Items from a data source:
*** Block opens ***
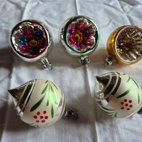 12 stk intakte glaspynt fra 50erne med original kasse, der er Stearin rester , ikke forsøgt fjernet. Jeg sender med Dao.
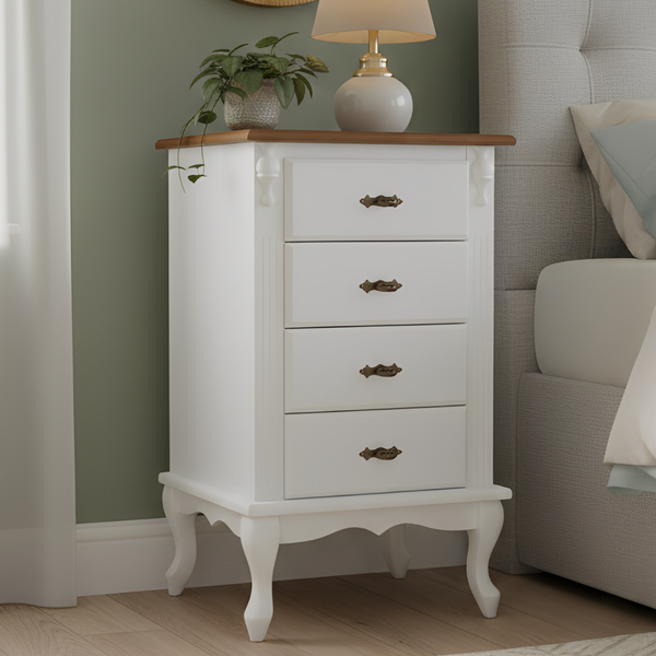 Com detalhes torneados acima dos frisos frontais a peça fica com uma apresentação única, seus pés torneados no estilo Luiz XV, trazem ao criado-mudo uma personalidade única, onde a sua beleza se completa com a variedade de cores que possui. Os puxadores metálicos envelhecidos, ajudam a entregar aquele ar de retrô que todos amam. Uma peça perfeita para ser utilizada no quarto de casal, das crianças e até mesmo dos jovens.
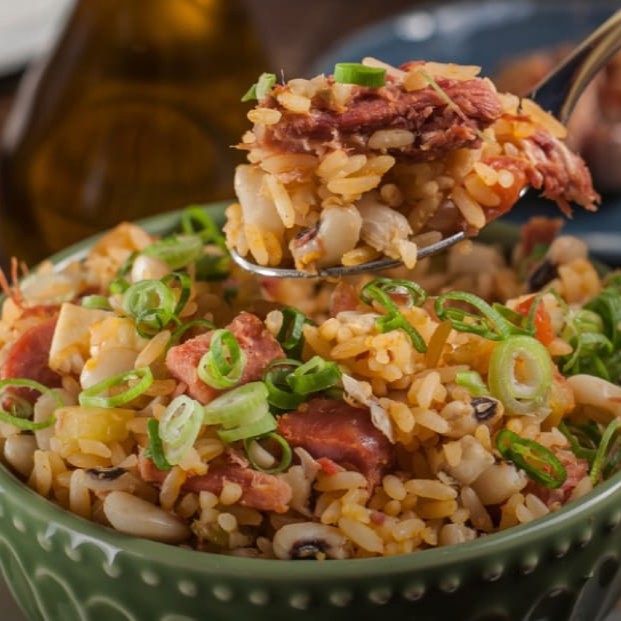 O tradicional arroz com feijão é puxado na manteiga de garrafa e com carne seca desfiada, linguiça calabresa, bacon, pimentão verde e queijo coalho.
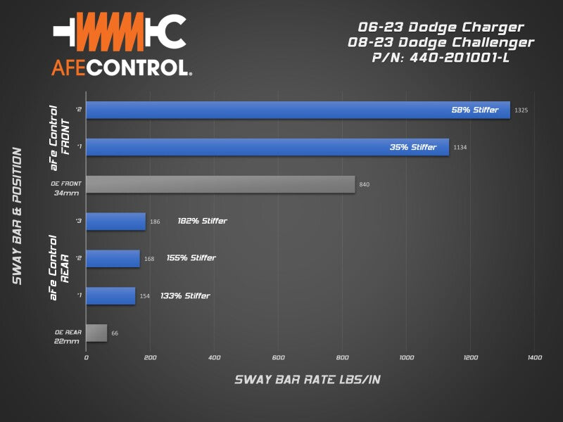 Dramatically improve your Mopar’s handling with aFe CONTROL’s sway bar set. With our fully adjustable sway bars, you can easily fine tune the handling balance and eliminate understeer. Body roll will be reduced, maximizing tire contact with the road. Shortened transition response will improve initial turn-in making the car more agile and feel lighter. Whether its stability on the track, more rotation on the autocross, or just adding confidence in the canyon, aFe CONTROL sway bars will deliver. Every aFe CONTROL sway bar is CAD designed and CNC bent to strict tolerances. This insures precise fit and perfect operation. Our sway bars are 2-way/3-way adjustable, which allows the driver to dial in the front and rear roll resistance to achieve the desired handling bias. Front sway bar utilizes CNC machined ends, while the rear is equipped with laser cut ends. These are welded to the bar in a special fixture to insure accurate hole positioning and consistent manufacturing. aFe Control includes low-deflection polyurethane bushings and premium 6061-T6 aluminum black anodized billet brackets. Front polyurethane bushings are designed to fit with the factory mounting hardware. Rear brackets are equipped with grease fittings for easy maintenance.
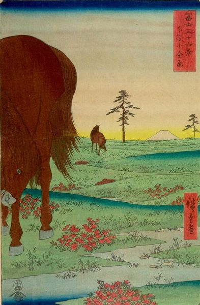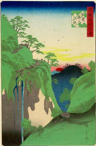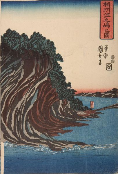 Editor: So, this is "Enoshima in Sagami Province" by Utagawa Kuniyoshi. It looks like a woodblock print. I'm really struck by how many tiny figures are scrambling all over the landscape. How do you interpret this work? Curator: Considering Kuniyoshi's process, the woodblock technique itself is integral. Each color demands a separate block, highlighting a complex division of labor. How does the mass production of prints for popular consumption affect its status as 'art'? Editor: That's a good question. So, it being a popular print, made in multiples, makes it less…precious? Curator: Precisely. And how might the availability of such imagery influence perceptions of landscape and travel for the average person? Editor: I never considered that. It’s like early tourism marketing, shaping desires through readily available, mass-produced images. Curator: Exactly. Thinking about the materials and the method of production really opens up what the work can mean.
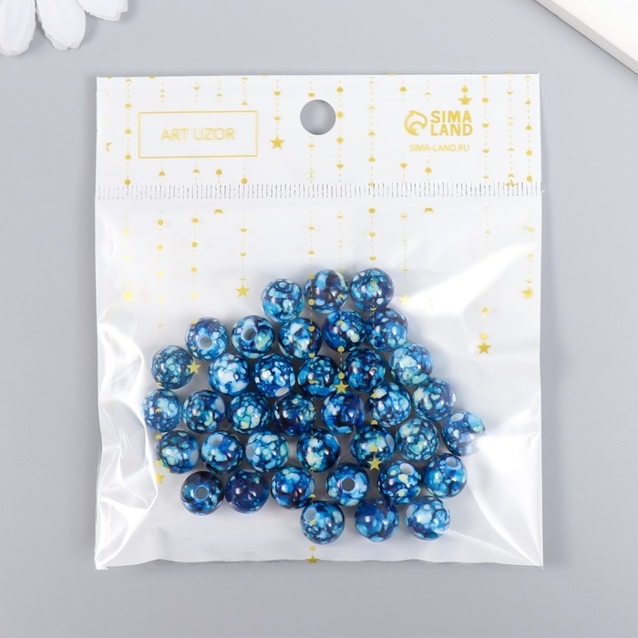 Бусины для творчества пластик "Шарики шамот синий" набор 20 гр d=1 см
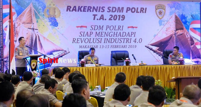 SpiritNews.com.- Kapolri Jenderal HM Tito Karnavian, saat membuka Rapat Kerja Teknis (Rakernis) Sumber Daya Manusia (SDM) Polri, di Hotel Swissbell, jalan Pasar Ikan, Makassar, Rabu kemarin.
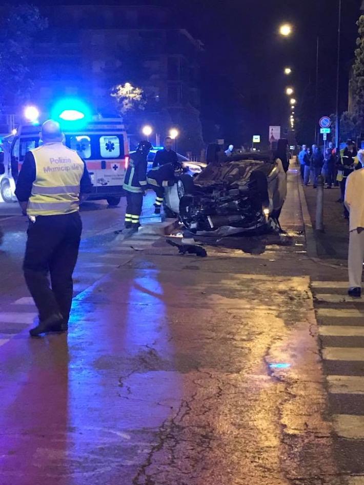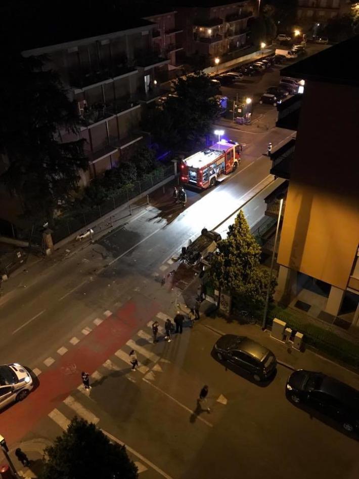 Uno schianto pauroso e dal suono altrettanto sinistro, che ha richiamato alle finestre e poi in strada diversi residenti. E' accaduto poco dopo la mezzanotte in via Montebello, quando due auto - per motivi ancora in via d'accertamento da parte della Polizia Municipale - si sono scontrate e una si è ribaltata su se stessa, finendo sulla pista ciclabile. "E per fortuna nessuno stava passando di lì", racconta uno dei testimoni. L'altra invece, ha sfondato una cancellata, prima di essere sbalzata di nuovo in strada.
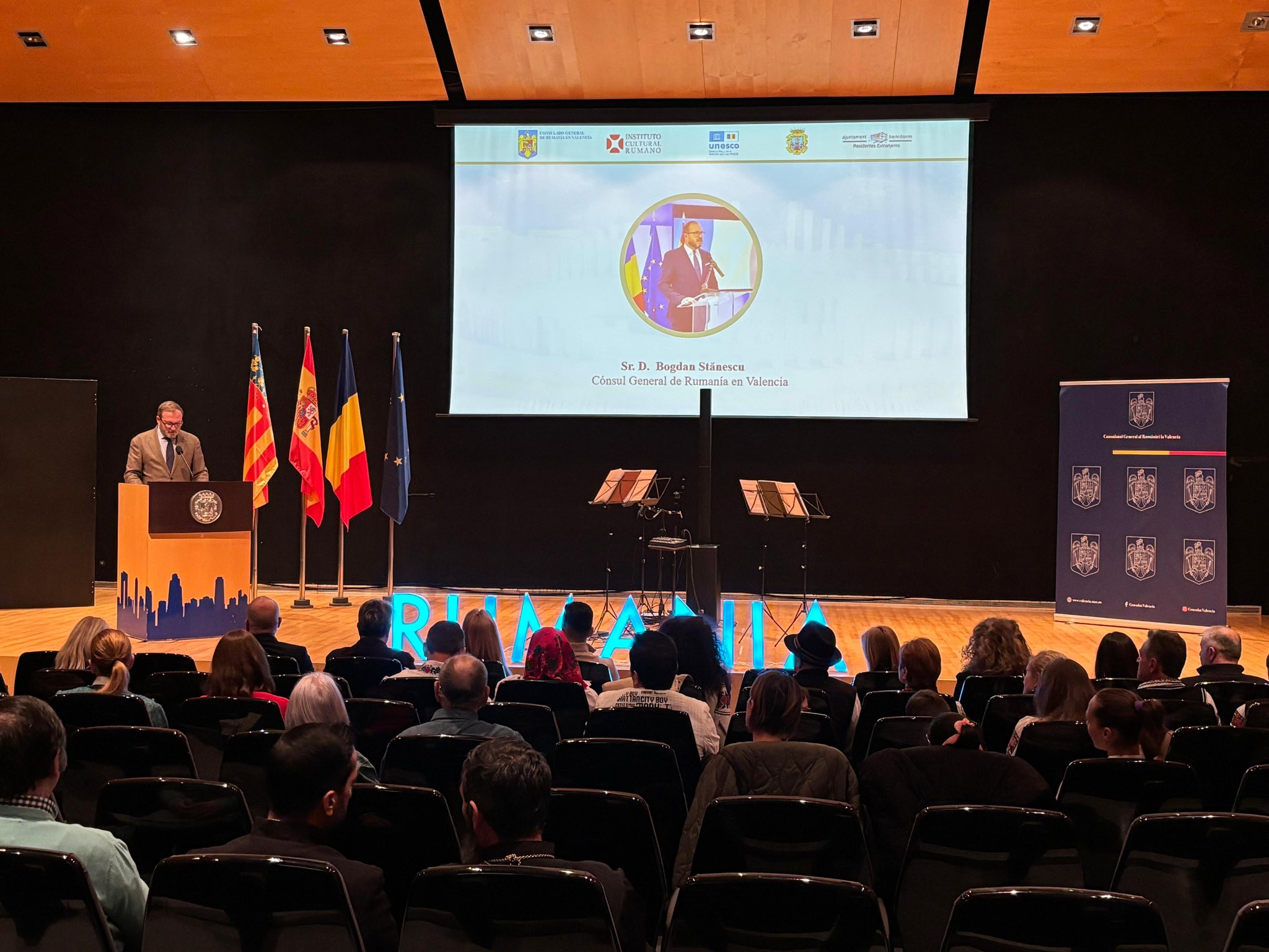 Au participat domnul Consul General Bogdan Stănescu și membri ai Consulatului General al României la Valencia, Primăria Benidorm, oficialități locale și regionale spaniole, membri ai corpului consular, numeroși reprezentanți ai comunității românești rezidenți în Comunitatea Valenciană și în Benidorm, precum și cetățeni spanioli având legături deosebite de prietenie cu România.
*** Block closes ***
■ ASSIGNED TASK ■
Could you return each entry word for word, with the images omitted?

■ SOLUTION TO THE EXERCISE ■
 12 stk intakte glaspynt fra 50erne med original kasse, der er Stearin rester , ikke forsøgt fjernet. Jeg sender med Dao.
 Com detalhes torneados acima dos frisos frontais a peça fica com uma apresentação única, seus pés torneados no estilo Luiz XV, trazem ao criado-mudo uma personalidade única, onde a sua beleza se completa com a variedade de cores que possui. Os puxadores metálicos envelhecidos, ajudam a entregar aquele ar de retrô que todos amam. Uma peça perfeita para ser utilizada no quarto de casal, das crianças e até mesmo dos jovens.
 O tradicional arroz com feijão é puxado na manteiga de garrafa e com carne seca desfiada, linguiça calabresa, bacon, pimentão verde e queijo coalho.
 Dramatically improve your Mopar’s handling with aFe CONTROL’s sway bar set. With our fully adjustable sway bars, you can easily fine tune the handling balance and eliminate understeer. Body roll will be reduced, maximizing tire contact with the road. Shortened transition response will improve initial turn-in making the car more agile and feel lighter. Whether its stability on the track, more rotation on the autocross, or just adding confidence in the canyon, aFe CONTROL sway bars will deliver. Every aFe CONTROL sway bar is CAD designed and CNC bent to strict tolerances. This insures precise fit and perfect operation. Our sway bars are 2-way/3-way adjustable, which allows the driver to dial in the front and rear roll resistance to achieve the desired handling bias. Front sway bar utilizes CNC machined ends, while the rear is equipped with laser cut ends. These are welded to the bar in a special fixture to insure accurate hole positioning and consistent manufacturing. aFe Control includes low-deflection polyurethane bushings and premium 6061-T6 aluminum black anodized billet brackets. Front polyurethane bushings are designed to fit with the factory mounting hardware. Rear brackets are equipped with grease fittings for easy maintenance.
 Editor: So, this is "Enoshima in Sagami Province" by Utagawa Kuniyoshi. It looks like a woodblock print. I'm really struck by how many tiny figures are scrambling all over the landscape. How do you interpret this work? Curator: Considering Kuniyoshi's process, the woodblock technique itself is integral. Each color demands a separate block, highlighting a complex division of labor. How does the mass production of prints for popular consumption affect its status as 'art'? Editor: That's a good question. So, it being a popular print, made in multiples, makes it less…precious? Curator: Precisely. And how might the availability of such imagery influence perceptions of landscape and travel for the average person? Editor: I never considered that. It’s like early tourism marketing, shaping desires through readily available, mass-produced images. Curator: Exactly. Thinking about the materials and the method of production really opens up what the work can mean.
 Бусины для творчества пластик "Шарики шамот синий" набор 20 гр d=1 см
 SpiritNews.com.- Kapolri Jenderal HM Tito Karnavian, saat membuka Rapat Kerja Teknis (Rakernis) Sumber Daya Manusia (SDM) Polri, di Hotel Swissbell, jalan Pasar Ikan, Makassar, Rabu kemarin.
 Uno schianto pauroso e dal suono altrettanto sinistro, che ha richiamato alle finestre e poi in strada diversi residenti. E' accaduto poco dopo la mezzanotte in via Montebello, quando due auto - per motivi ancora in via d'accertamento da parte della Polizia Municipale - si sono scontrate e una si è ribaltata su se stessa, finendo sulla pista ciclabile. "E per fortuna nessuno stava passando di lì", racconta uno dei testimoni. L'altra invece, ha sfondato una cancellata, prima di essere sbalzata di nuovo in strada.
 Au participat domnul Consul General Bogdan Stănescu și membri ai Consulatului General al României la Valencia, Primăria Benidorm, oficialități locale și regionale spaniole, membri ai corpului consular, numeroși reprezentanți ai comunității românești rezidenți în Comunitatea Valenciană și în Benidorm, precum și cetățeni spanioli având legături deosebite de prietenie cu România.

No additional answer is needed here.